Thanks for your reply. Cramps are a bit better today, boobs have been tender all along really and now my nipples are getting a bit sorer too. But I had this with a Clomid cycle and a BFN so I'm not reading too much in to that. It's just cruel how these side effects from procedures are so similar to those we read about for the BFP isn't it?

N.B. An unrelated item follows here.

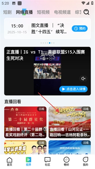 在網(wǎng)絡(luò)直播頁面,選擇你感興趣的直播回看內(nèi)容并點(diǎn)擊,即可進(jìn)入該直播的詳情頁面。
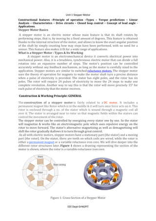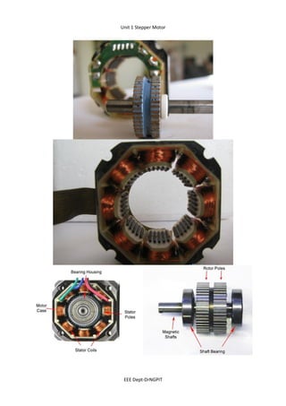 This document provides information about stepper motors, including their construction, working principle, types, and applications. It discusses the key features of stepper motors, namely that the shaft rotates in discrete steps allowing precise angular position control without feedback sensors. It describes the basic components of a stepper motor including the stationary stator with electromagnetic coils and the moving rotor. Variable reluctance rotors are discussed as one common type where the rotor moves to minimize the magnetic reluctance between it and the stator fields. The document also covers stepper motor operation, noting they are controlled by energizing the stator coils in sequence which generates torque on the rotor to move it in discrete angular steps.

All bodies are so different that its so hard not to read things into these symptoms but I wish you all the best this week and hope AF stays away. I never test either - can't face that blank space where the line should be!

Good luck hon.

x


----------



## kjames

Hey 
Im new here to this forum, but see you have had IUI...me too!
I had 1st IUI Tue 2nd Feb, so i am 9dpiui and 8dpo - and im hating every second of it, im took 100mg x5days of clomid, so 10 pills which is super high for me as im very sensitive to it, i usually only have 3 pills of 50mg ( i Ov alone but have longer cycles, hence Clomid), i had HCG trigger shot2days before IUI and now since 1dpo i have been taking Progesterone suppositories twice a day and im sure they are causing my problems/symptoms, my boobs are agony and massive!, im soo emotional and tired, feel drained, from 4dpo i was cramping a bit but thats less so now, just more of a pinching now every now and again!
I have been asked to start testing from 10dpo as i need to know due to the suppositiories if i need more if im preg or to stop to get AF....im scared! 
Where are you all im your cycle now?? How did you find IUI? xx

Thanks 

Kez xxx

TTC 28mths
Lap and Dye Sept 06 before TTC, all clear, had suspected Endo.
HSG in mid 09
Lap and dye Dec 09 - Mild Endo removed - otherwise we both pass tests with flying colours and fall under the dreaded unexplained infertility bracket!


----------



## BabyChristie

kjames said:


> Hey
> Im new here to this forum, but see you have had IUI...me too!
> I had 1st IUI Tue 2nd Feb, so i am 9dpiui and 8dpo - and im hating every second of it, im took 100mg x5days of clomid, so 10 pills which is super high for me as im very sensitive to it, i usually only have 3 pills of 50mg ( i Ov alone but have longer cycles, hence Clomid), i had HCG trigger shot2days before IUI and now since 1dpo i have been taking Progesterone suppositories twice a day and im sure they are causing my problems/symptoms, my boobs are agony and massive!, im soo emotional and tired, feel drained, from 4dpo i was cramping a bit but thats less so now, just more of a pinching now every now and again!
> I have been asked to start testing from 10dpo as i need to know due to the suppositiories if i need more if im preg or to stop to get AF....im scared!
> Where are you all im your cycle now?? How did you find IUI? xx
> 
> Thanks
> 
> Kez xxx
> 
> TTC 28mths
> Lap and Dye Sept 06 before TTC, all clear, had suspected Endo.
> HSG in mid 09
> Lap and dye Dec 09 - Mild Endo removed - otherwise we both pass tests with flying colours and fall under the dreaded unexplained infertility bracket!

Hi Kez

Welcome! Glad you have found us but hope that your stay will be short, in the nicest possible way.

Unfortunately my first IUI failed but I am sitting here just 2.5 hours after my second IUI. I had 3 large follicles this time (through Gonal F) and DH's sample was great too so we are keeping everything crossed. I will be having pessaries this cycle too as I came on after just 11 days with my first one - they want to give me a good progesterone boost to up our chances. She did say today to expect to feel lousy - headaches, tired, nausea and very sore boobs - on these so not looking forward to that much. Even without these I felt bad after the last IUI!!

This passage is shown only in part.